1984 by George Orwell is the quintessential dystopian novel and apparently never ceases to be relevant as news of its recent upswing in popularity.
In history, it was the year Apple computers went on sale, Michael Jackson got a Pepsi burn, and crack cocaine revolutionized how junkies everywhere sold other people’s possessions. In the book, 1984 is the year when WAR IS PEACE, FREEDOM IS SLAVERY, IGNORANCE IS STRENGTH and Big Brother reigned supreme.
I read a Newsy article stating that the book was selling a lot of copies. Though it was published way back in 1949, 1984 is still relevant in any society where too much control is given to the state.
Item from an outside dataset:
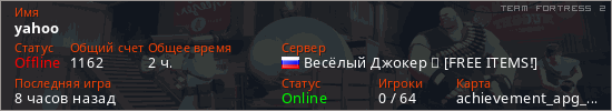 Играет на Team Fortress 2 сервере. Страна: РоссияПервый раз замечен 22:17 13.03.2026
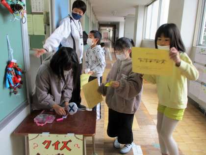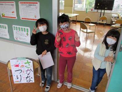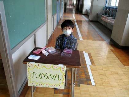 1年1組、2年1組の教室と算数教室、ランチルームに分かれて、お店を準備しました。

The article I read speculated the spike in sales was due to news of the US NSA‘s PRISM surveillance scandal and the recent CISPA buzz–at heart, a way to spy on people without their knowing, and an arrangement which is eerily mirrored in the novel.
I read to the end of the sample and I think I’ll pick this one up (if you live in the UK, Canada, and some other countries, the book is public domain and you should be able to get it for free. If you live in the USA, however, it is still protected by copyright [coincidence? or conspiracy?!?!?!]). While there is no one huge hook to keep us going, Orwell writes in a voice which flows and teases us with a hundred tiny hooks as he builds this familiar yet alien world. The opening line is great:

“It was a bright cold day in April, and the clocks were striking thirteen.”

While Orwell masters mood and utilizes a compelling voice, I do have one constructive criticism: He’s a bit wordy at times. I found myself feeling he should end a few of his paragraphs just once sentence early. But, this was because I was so eager to continue reading, a good sign over all.
The novel reminded me most of The Hunger Games and Half Life 2, both of which I beleive were directly influenced by 1984.
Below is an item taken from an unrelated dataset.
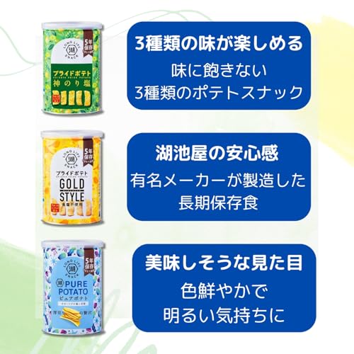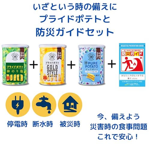 【3缶セット】5年保存 ポテトチップス プライドポテト 神のり塩・GOLD STYLE・ピュアポテト 防災ガイド付き 非常食 保存食 備蓄 お菓子 ローリングストック 学校 オフィス 地震

Apart from being a valid social commentary, it’s just a well told story. I do intend to keep reading and I intend to follow up after I finish.
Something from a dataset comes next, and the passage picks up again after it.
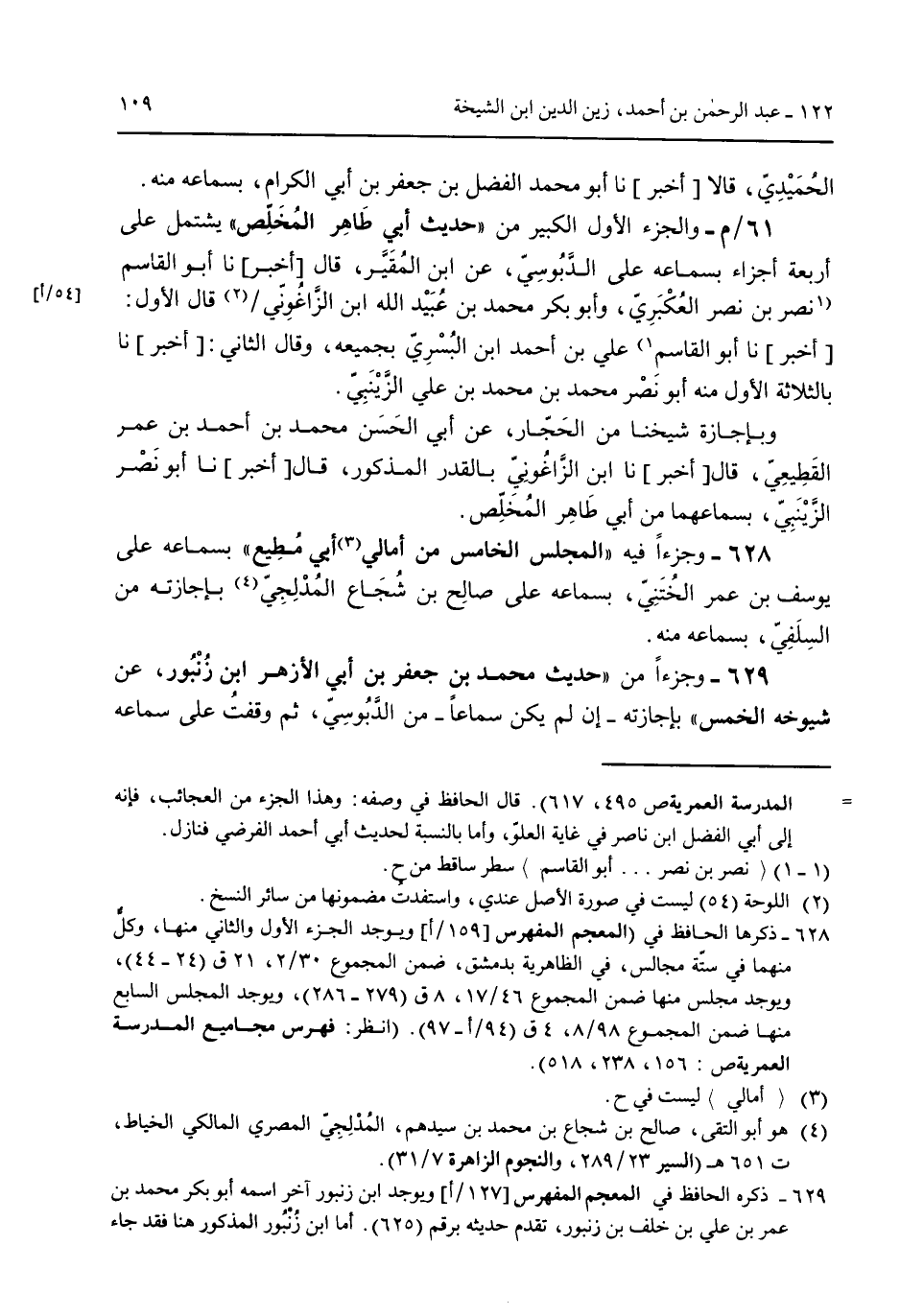 الحُميدي قالا [أخبر] نا أبو محمد الفضل بن جعفر بن أبي الكرام بسماعه منه.61/م- والجزء الأول الكبير من "حديث أبي طاهر المُخلص" يشتمل على أربعة أجزاء بسماعه على الدبوسي عن ابن المُقير قال [أخبر] نا أبو القاسم نصر بن نصر العُكبري وأبو بكر محمد بن عبيد الله ابن الزاغوني قال الأول: [أخبر] نا أبو القاسم علي بن محمد بن علي الزينبي. وبإجازة شيحنا من الحجار عن أبي الحسن محمد بن أحمد بن عمر القطيعي قال [أخبر] نا ابن الزاغوني بالقدر المذكور قال [أخبر] نا أبو نصر الزينبي بسماعهما من أبي طاهر المُخلص.628 - وجزءاً فيه " المجلس الخامس من أمالي أبي مطيع" بسماعه على يوسف بن عمر الخُتني بسماعه على صالح بن شجاع المُدلجي بإجازته من السلفي بسماعه منه.629 - وجزءاً من "حديث محمد بن جعفر بن أبي الأزهر ابن زُنبور عن شيوخه الخمس" بإجازته -إن لم يكن سماعاً- من الدُبوسي ثم وقفت على سماعه

Have you read 1984? Or played Half Life 2 or something else you feel took some influence from Orwell’s work? Leave a comment and let me know!


2 thoughts on “1984

  1. I just spent my dinner explaining to someone what a dystopian novel was, actually. The campground that I’m staying at had about 4 different classic dystopian novels in the bookshelves, including the Giver – definitely influenced by 1984.